Objective Investigate the effectiveness and cost-effectiveness of the Lightning Process (LP) in addition to specialist medical care (SMC) compared with SMC alone, for children with chronic fatigue syndrome (CFS)/myalgic encephalitis (ME).
Design Pragmatic randomised controlled open trial. Participants were randomly assigned to SMC or SMC+LP. Randomisation was minimised by age and gender.
Setting Specialist paediatric CFS/ME service.
Patients 12–18 year olds with mild/moderate CFS/ME.

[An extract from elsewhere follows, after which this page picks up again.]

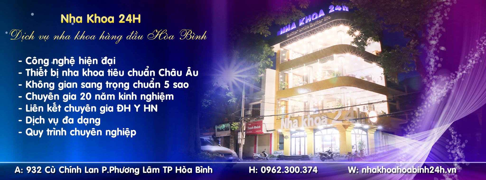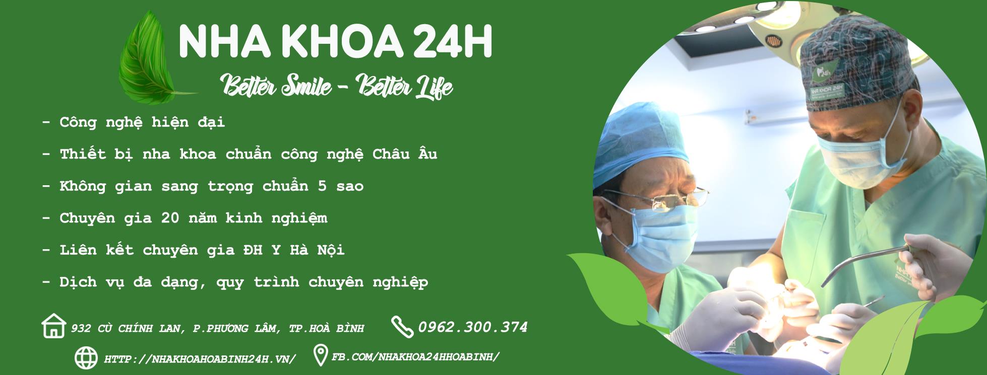 NHA KHOA 24H - Trung tâm Nha khoa thẩm mỹ uy tín với quy mô lớn nhất tại Hòa Bình. Cung cấp đa dạng các dịch vụ nha khoa với chất lượng hoàn hảo, chi phí và thời gian điều trị tiết kiệm nhất.

Main outcome measures The primary outcome was the the 36-Item Short-Form Health Survey Physical Function Subscale (SF-36-PFS) at 6 months. Secondary outcomes included pain, anxiety, depression, school attendance and cost-effectiveness from a health service perspective at 3, 6 and 12 months.

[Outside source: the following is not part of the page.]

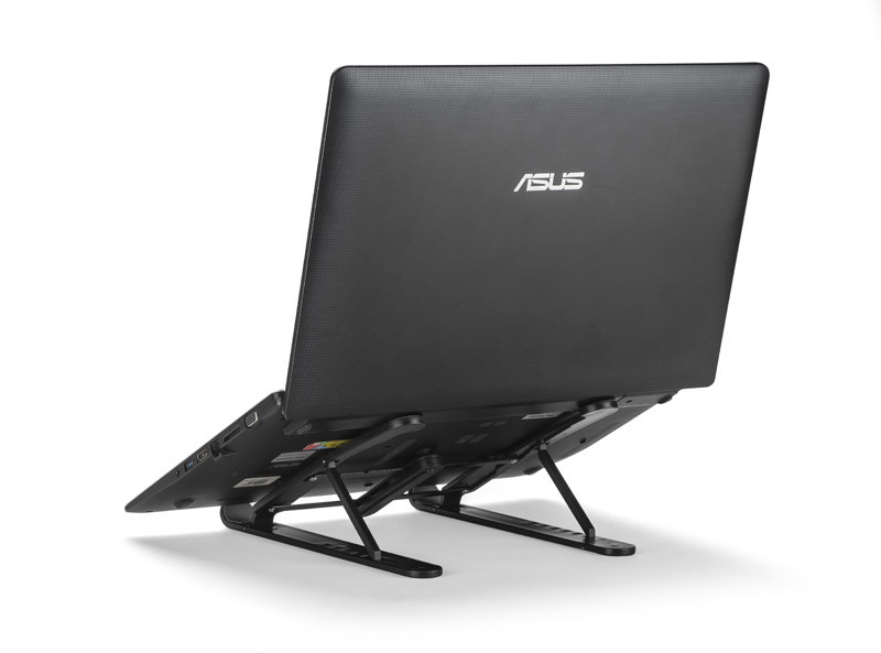 The FOLD laptop stand provides greater working comfort and improves cooling of the device. The accessory has a light, yet solid structure that can be folded and adjusted. It allows you to lift the device at various angles, which translates into improved ergonomics and maintaining a healthy position while working on a laptop or tablet. It has silicone anti-slip elements that increase the comfort of use. Provides a stable hold for devices up to 15 inches in size. The set includes a bag made of non-woven fabric.

Results We recruited 100 participants, of whom 51 were randomised to SMC+LP. Data from 81 participants were analysed at 6 months. Physical function (SF-36-PFS) was better in those allocated SMC+LP (adjusted difference in means 12.5(95% CI 4.5 to 20.5), p=0.003) and this improved further at 12 months (15.1 (5.8 to 24.4), p=0.002). At 6 months, fatigue and anxiety were reduced, and at 12 months, fatigue, anxiety, depression and school attendance had improved in the SMC+LP arm. Results were similar following multiple imputation. SMC+LP was probably more cost-effective in the multiple imputation dataset (difference in means in net monetary benefit at 12 months £1474(95% CI £111 to £2836), p=0.034) but not for complete cases.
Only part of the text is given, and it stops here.